## [Goal of the exercise]
Output a verbatim copy of the data, cut off after the line that contains "Gardens, estates |".

## [Available data]
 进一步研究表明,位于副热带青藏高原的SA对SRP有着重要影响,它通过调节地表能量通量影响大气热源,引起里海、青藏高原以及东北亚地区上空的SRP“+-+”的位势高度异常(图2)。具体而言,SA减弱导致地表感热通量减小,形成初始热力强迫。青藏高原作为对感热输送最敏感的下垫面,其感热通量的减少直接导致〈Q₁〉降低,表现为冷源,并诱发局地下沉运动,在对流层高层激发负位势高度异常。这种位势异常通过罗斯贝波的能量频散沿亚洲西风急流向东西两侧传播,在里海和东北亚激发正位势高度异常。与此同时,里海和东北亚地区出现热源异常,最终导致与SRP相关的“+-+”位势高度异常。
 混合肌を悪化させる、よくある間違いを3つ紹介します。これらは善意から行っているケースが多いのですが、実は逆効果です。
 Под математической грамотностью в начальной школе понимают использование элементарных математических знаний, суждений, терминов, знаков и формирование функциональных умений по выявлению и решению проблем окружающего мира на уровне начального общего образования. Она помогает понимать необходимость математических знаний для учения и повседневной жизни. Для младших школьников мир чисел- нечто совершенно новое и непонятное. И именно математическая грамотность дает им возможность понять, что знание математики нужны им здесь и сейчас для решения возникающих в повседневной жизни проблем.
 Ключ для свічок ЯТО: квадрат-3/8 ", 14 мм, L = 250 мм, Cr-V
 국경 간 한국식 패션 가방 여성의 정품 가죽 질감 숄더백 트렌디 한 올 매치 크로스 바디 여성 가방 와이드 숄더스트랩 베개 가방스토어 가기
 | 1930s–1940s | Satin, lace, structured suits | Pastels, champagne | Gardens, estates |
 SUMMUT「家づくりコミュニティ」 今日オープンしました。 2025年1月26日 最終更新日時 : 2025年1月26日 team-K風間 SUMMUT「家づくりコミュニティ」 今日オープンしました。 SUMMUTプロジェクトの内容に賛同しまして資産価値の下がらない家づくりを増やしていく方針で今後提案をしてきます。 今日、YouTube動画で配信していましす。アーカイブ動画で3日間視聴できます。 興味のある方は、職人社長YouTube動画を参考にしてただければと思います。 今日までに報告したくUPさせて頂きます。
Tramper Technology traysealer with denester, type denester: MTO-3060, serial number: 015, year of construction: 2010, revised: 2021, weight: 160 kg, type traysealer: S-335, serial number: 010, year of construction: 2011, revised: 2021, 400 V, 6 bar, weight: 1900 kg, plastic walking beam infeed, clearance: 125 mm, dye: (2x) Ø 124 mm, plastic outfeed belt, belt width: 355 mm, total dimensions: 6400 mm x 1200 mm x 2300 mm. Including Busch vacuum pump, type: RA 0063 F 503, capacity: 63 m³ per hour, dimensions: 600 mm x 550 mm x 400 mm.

## [Solution to the exercise]
 进一步研究表明,位于副热带青藏高原的SA对SRP有着重要影响,它通过调节地表能量通量影响大气热源,引起里海、青藏高原以及东北亚地区上空的SRP“+-+”的位势高度异常(图2)。具体而言,SA减弱导致地表感热通量减小,形成初始热力强迫。青藏高原作为对感热输送最敏感的下垫面,其感热通量的减少直接导致〈Q₁〉降低,表现为冷源,并诱发局地下沉运动,在对流层高层激发负位势高度异常。这种位势异常通过罗斯贝波的能量频散沿亚洲西风急流向东西两侧传播,在里海和东北亚激发正位势高度异常。与此同时,里海和东北亚地区出现热源异常,最终导致与SRP相关的“+-+”位势高度异常。
 混合肌を悪化させる、よくある間違いを3つ紹介します。これらは善意から行っているケースが多いのですが、実は逆効果です。
 Под математической грамотностью в начальной школе понимают использование элементарных математических знаний, суждений, терминов, знаков и формирование функциональных умений по выявлению и решению проблем окружающего мира на уровне начального общего образования. Она помогает понимать необходимость математических знаний для учения и повседневной жизни. Для младших школьников мир чисел- нечто совершенно новое и непонятное. И именно математическая грамотность дает им возможность понять, что знание математики нужны им здесь и сейчас для решения возникающих в повседневной жизни проблем.
 Ключ для свічок ЯТО: квадрат-3/8 ", 14 мм, L = 250 мм, Cr-V
 국경 간 한국식 패션 가방 여성의 정품 가죽 질감 숄더백 트렌디 한 올 매치 크로스 바디 여성 가방 와이드 숄더스트랩 베개 가방스토어 가기
 | 1930s–1940s | Satin, lace, structured suits | Pastels, champagne | Gardens, estates |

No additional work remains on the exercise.